Ogden Outlaws
- Full name: Ogden Outlaws
- Nickname: The Outlaws
- Founded: 2006
- Dissolved: 2013
- Ground: Bonneville High School Washington Terrace, Utah
- Capacity: Unknown
- Owner: Mike Hickman
- Head Coach: Rob Karas
- League: USL Premier Development League
- 2011: 7th, Southwest Playoffs: DNQ
- Website: http://www.ogdenoutlaws.com
| Home colors | Away colors |

= Ogden Outlaws =

Ogden Outlaws was an American soccer team based in Ogden, Utah, United States. Founded in 2006, the team played in the USL Premier Development League (PDL), the fourth tier of the American Soccer Pyramid, in the Southwest Division of the Western Conference.

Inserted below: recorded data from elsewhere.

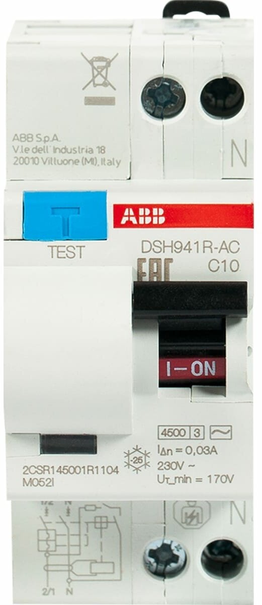 10 цен на Дифф. автомат (АВДТ) 2-пол. (1P+N) 10A C 30мА тип АC 4,5кА ABB
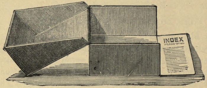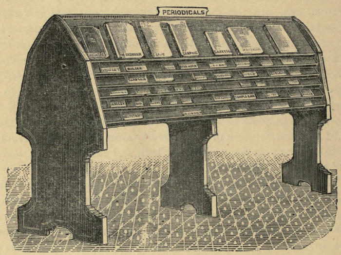 This design is now used in a large number of Libraries and Reading Rooms with great advantage. Periodicals of any size can be kept alphabetically arranged either in covers or without. There are no clips, springs, or other mechanical fittings, but everything is as simple as can be.
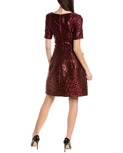 - Silk-Blend Midi Dress in berry and black combo with split neck, dropped waist, pleated skirt, and jacquard design
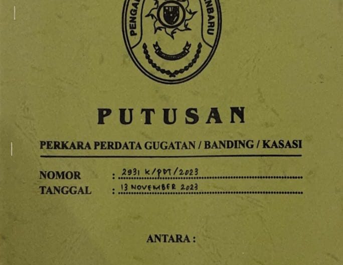 PEKANBARU – Cctv24jam.com., utusan kasasi Mahkamah Agung dalam perkara perdata Nomor 1217 K/Pdt/2023 yang mengabulkan permohonan kasasi...
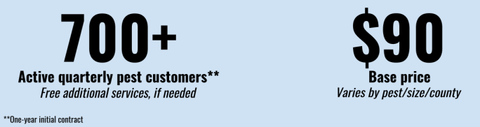 Prices for pest control services are based on the property’s location, square footage, and the particular issue.
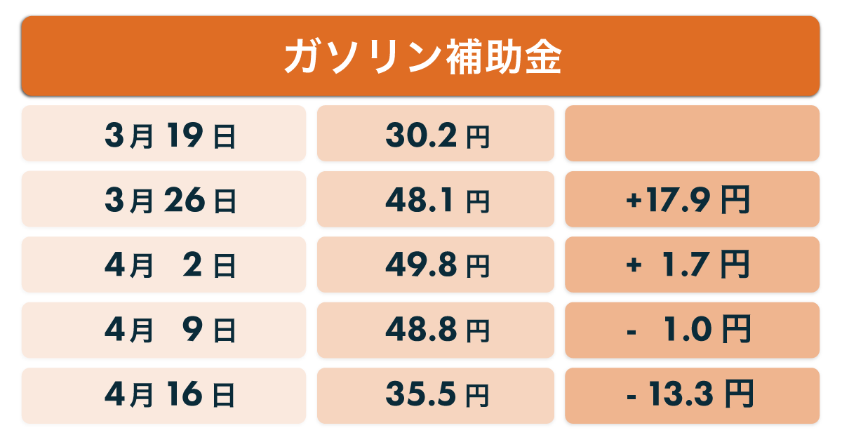 3月19日から再開された補助金は、レギュラーガソリン価格が170円を上回らないように、毎週支給額が決定します。
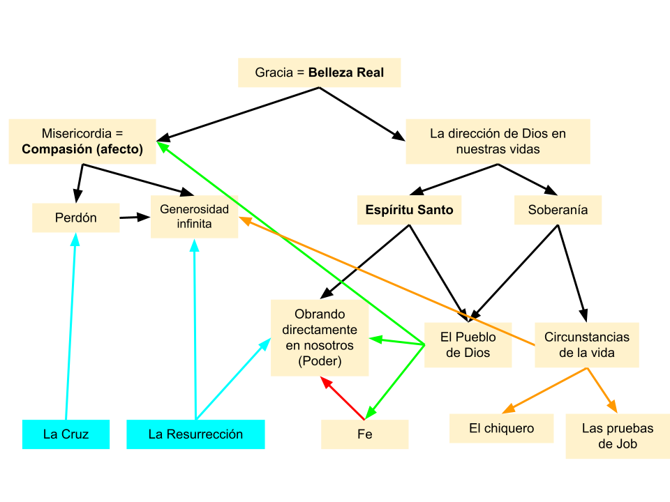 Sin embargo, la razón por la que la única flecha roja sale de la “fe” es que esa es la única parte que nosotros mismos ponemos para recibir la gracia: creer y actuar. “Por gracia ustedes han sido salvados por medio de la fe”; así fuimos transformados por primera vez, pero también esa sigue siendo la única manera en que seguimos siendo transformados continuamente.
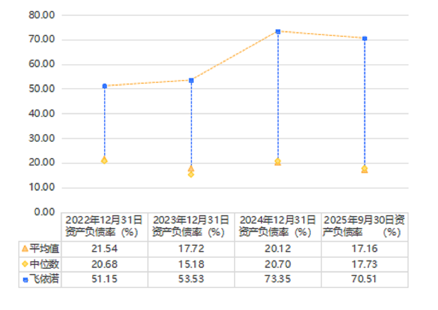 近年来,飞依诺的资产负债率显著高于同行,且整体持续走高。2022年和2023年,飞依诺的资产负债率约在50%左右,2024年资产负债率大幅上升至73.35%,2025年9月30日,飞依诺的资产负债率依然居高不下,超过70%,远高于同行业平均值。

The team played its home games in the stadium at Bonneville High School in nearby Washington Terrace, Utah, where they had played since 2009. The team's colors were black and white.

==History==
Ogden Outlaws entered the PDL in 2006, under the leadership of long-time Utah youth soccer coach Mike Hickman. To the surprise of many, Ogden made for a formidable on-field opponent almost immediately; despite a 1-0 loss to BYU Cougars in their opening game, and a 4-1 loss to Abbotsford Rangers in the next, the Outlaws regrouped themselves and rattled off three wins on the trot. Their 3-0 victory over Tacoma F.C. led to an unexpected qualification for the US Open Cup at the first attempt, although their campaign did not last long, losing 6-5 on penalties in the first round to a determined Sonoma County Sol from the NPSL. Ogden's impressive early-season form petered out at the year progressed; a 4-0 win over Cascade Surge was their most comprehensive victory of the year, but that was to be their final hurrah - thereafter, the team suffered a disappointing series of results including 6 consecutive defeats, ending their playoff hopes fairly early. They eventually finished 13 points behind champions Abbotsford Rangers; Bruno Baca was the top scorer of a team that also included Turks and Caicos Islands international midfielder Duane Glinton.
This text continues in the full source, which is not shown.